RECORD EXCERPTS Start Marker

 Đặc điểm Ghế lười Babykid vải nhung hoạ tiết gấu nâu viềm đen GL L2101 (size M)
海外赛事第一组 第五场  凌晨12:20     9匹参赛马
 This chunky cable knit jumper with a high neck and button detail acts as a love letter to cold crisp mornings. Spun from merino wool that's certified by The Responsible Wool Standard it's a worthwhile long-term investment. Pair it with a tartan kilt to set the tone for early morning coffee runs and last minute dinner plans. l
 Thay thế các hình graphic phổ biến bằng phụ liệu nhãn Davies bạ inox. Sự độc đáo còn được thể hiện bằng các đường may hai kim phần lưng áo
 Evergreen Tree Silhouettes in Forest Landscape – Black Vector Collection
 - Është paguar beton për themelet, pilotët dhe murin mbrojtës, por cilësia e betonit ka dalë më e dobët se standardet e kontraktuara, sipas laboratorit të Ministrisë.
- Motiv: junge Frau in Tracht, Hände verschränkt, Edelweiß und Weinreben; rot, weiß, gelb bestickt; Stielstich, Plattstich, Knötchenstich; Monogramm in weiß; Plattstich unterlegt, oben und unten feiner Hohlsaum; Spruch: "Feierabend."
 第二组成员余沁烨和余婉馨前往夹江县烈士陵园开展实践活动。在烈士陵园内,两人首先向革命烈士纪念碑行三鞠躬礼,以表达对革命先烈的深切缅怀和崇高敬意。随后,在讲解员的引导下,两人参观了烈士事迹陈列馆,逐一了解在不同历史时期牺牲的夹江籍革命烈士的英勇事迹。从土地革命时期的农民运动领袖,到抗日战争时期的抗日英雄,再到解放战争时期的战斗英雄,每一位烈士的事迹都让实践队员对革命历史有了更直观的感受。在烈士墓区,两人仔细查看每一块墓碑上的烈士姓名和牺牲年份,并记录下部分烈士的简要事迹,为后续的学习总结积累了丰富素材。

RECORD EXCERPTS End Marker

» PROBLEM TO SOLVE
All lines from the one containing "Evergreen Tree Silhouettes" to the end of the records are to be duplicated exactly, and no other lines are to be given.

» RESPONSE
 Evergreen Tree Silhouettes in Forest Landscape – Black Vector Collection
 - Është paguar beton për themelet, pilotët dhe murin mbrojtës, por cilësia e betonit ka dalë më e dobët se standardet e kontraktuara, sipas laboratorit të Ministrisë.
- Motiv: junge Frau in Tracht, Hände verschränkt, Edelweiß und Weinreben; rot, weiß, gelb bestickt; Stielstich, Plattstich, Knötchenstich; Monogramm in weiß; Plattstich unterlegt, oben und unten feiner Hohlsaum; Spruch: "Feierabend."
 第二组成员余沁烨和余婉馨前往夹江县烈士陵园开展实践活动。在烈士陵园内,两人首先向革命烈士纪念碑行三鞠躬礼,以表达对革命先烈的深切缅怀和崇高敬意。随后,在讲解员的引导下,两人参观了烈士事迹陈列馆,逐一了解在不同历史时期牺牲的夹江籍革命烈士的英勇事迹。从土地革命时期的农民运动领袖,到抗日战争时期的抗日英雄,再到解放战争时期的战斗英雄,每一位烈士的事迹都让实践队员对革命历史有了更直观的感受。在烈士墓区,两人仔细查看每一块墓碑上的烈士姓名和牺牲年份,并记录下部分烈士的简要事迹,为后续的学习总结积累了丰富素材。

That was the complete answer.